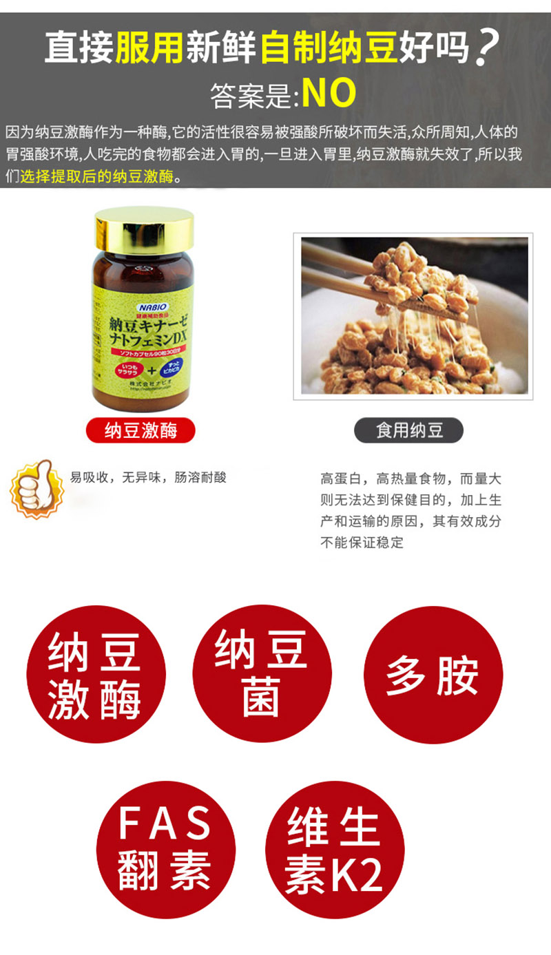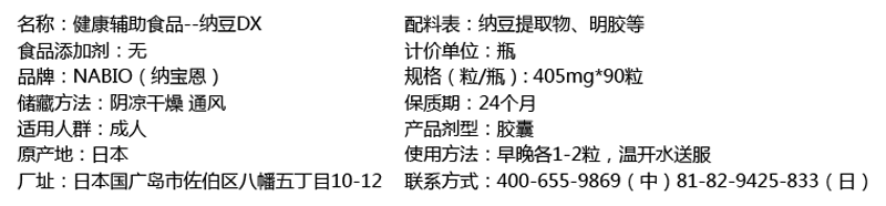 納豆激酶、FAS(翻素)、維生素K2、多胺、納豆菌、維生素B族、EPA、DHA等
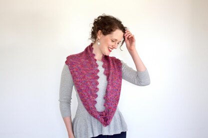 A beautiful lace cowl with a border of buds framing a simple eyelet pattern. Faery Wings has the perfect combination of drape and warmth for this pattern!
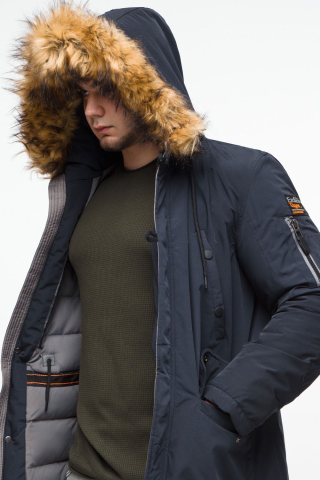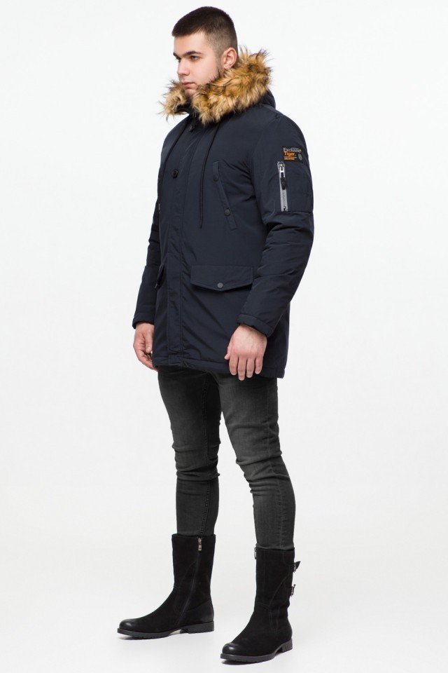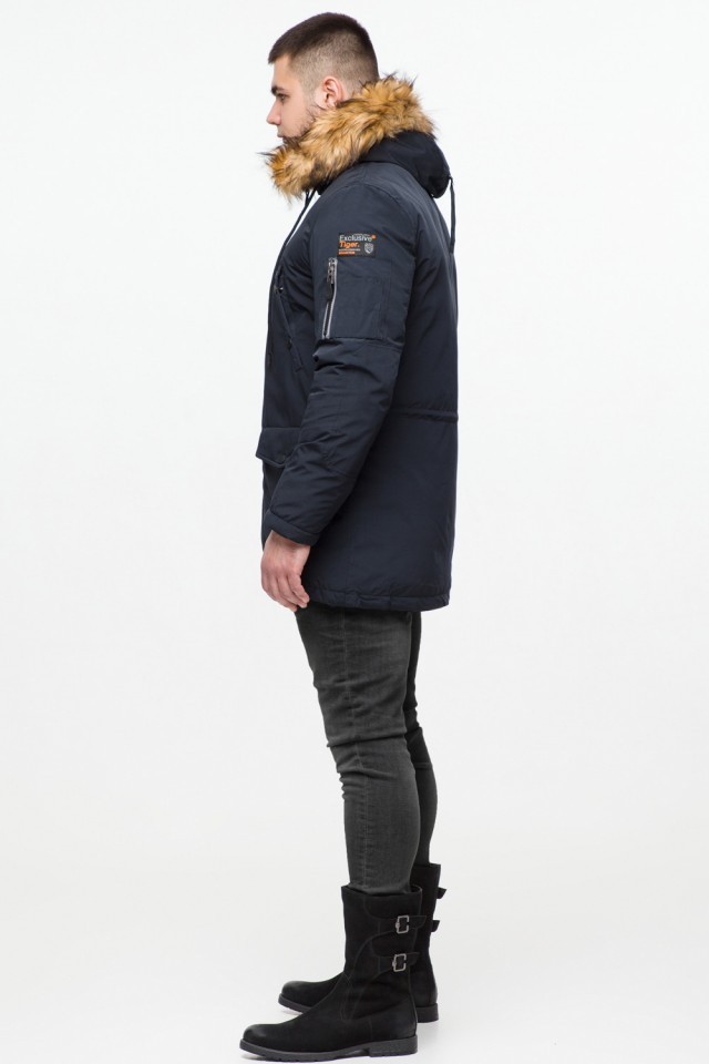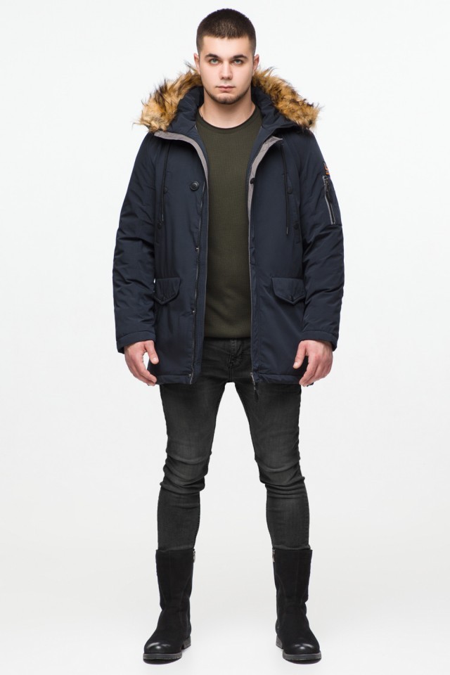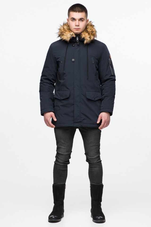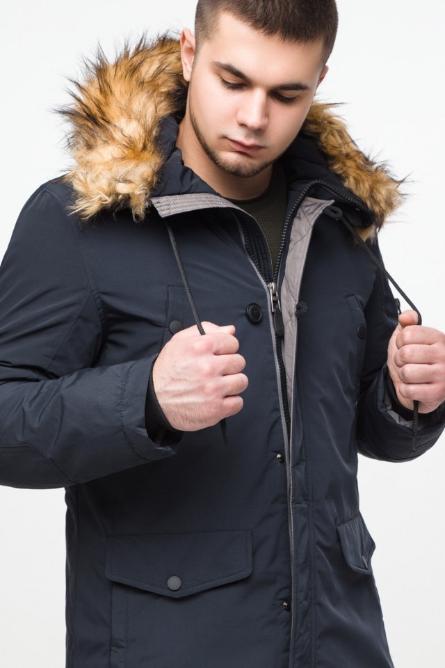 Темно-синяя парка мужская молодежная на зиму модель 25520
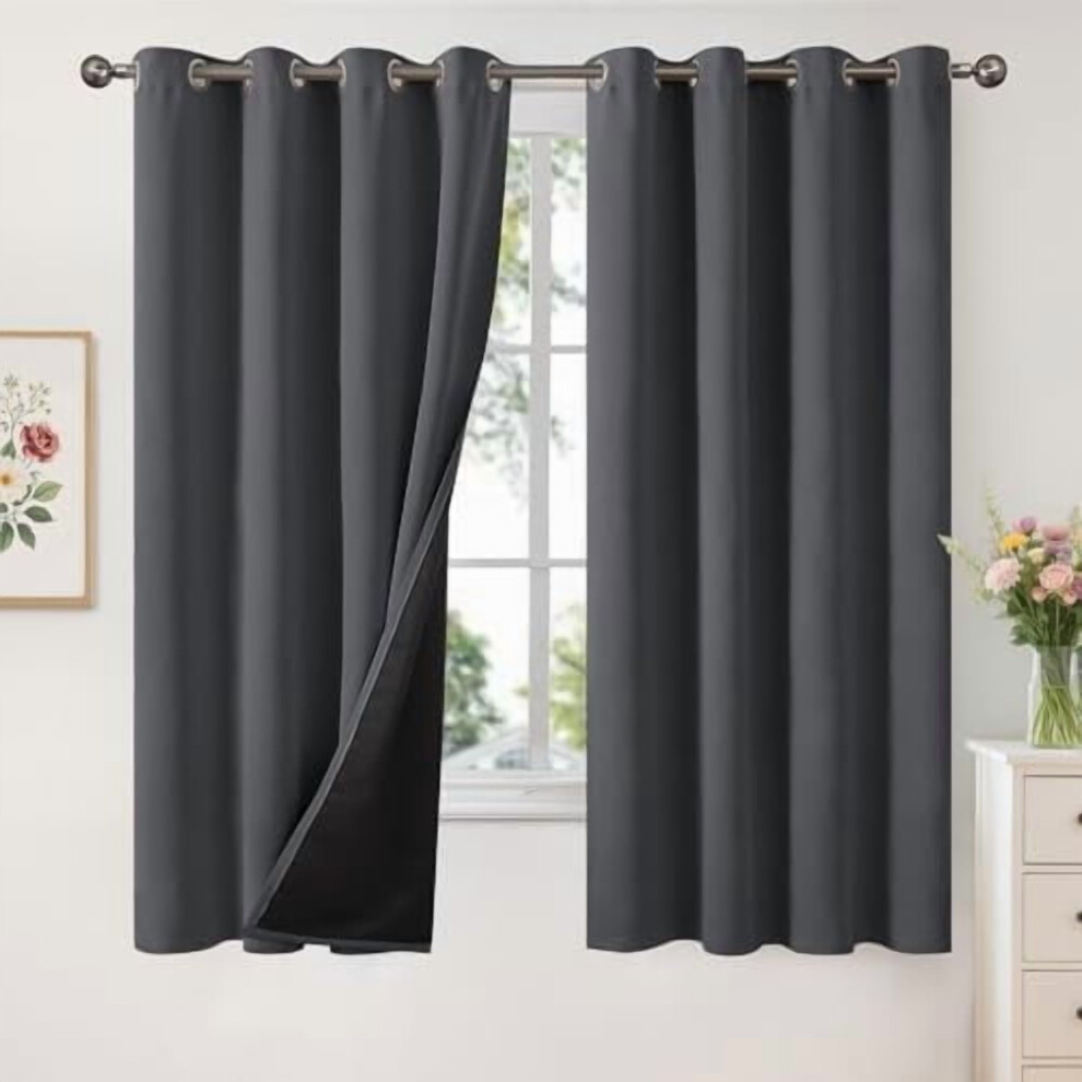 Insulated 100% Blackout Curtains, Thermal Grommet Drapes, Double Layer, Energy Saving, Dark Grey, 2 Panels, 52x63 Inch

### Your assignment
Line by line and exactly, reproduce the span from the line with "Темно-синяя парка мужская" through the end of the data above, both ends included, with pictures left out.

### Output of the task
 Темно-синяя парка мужская молодежная на зиму модель 25520
 Insulated 100% Blackout Curtains, Thermal Grommet Drapes, Double Layer, Energy Saving, Dark Grey, 2 Panels, 52x63 Inch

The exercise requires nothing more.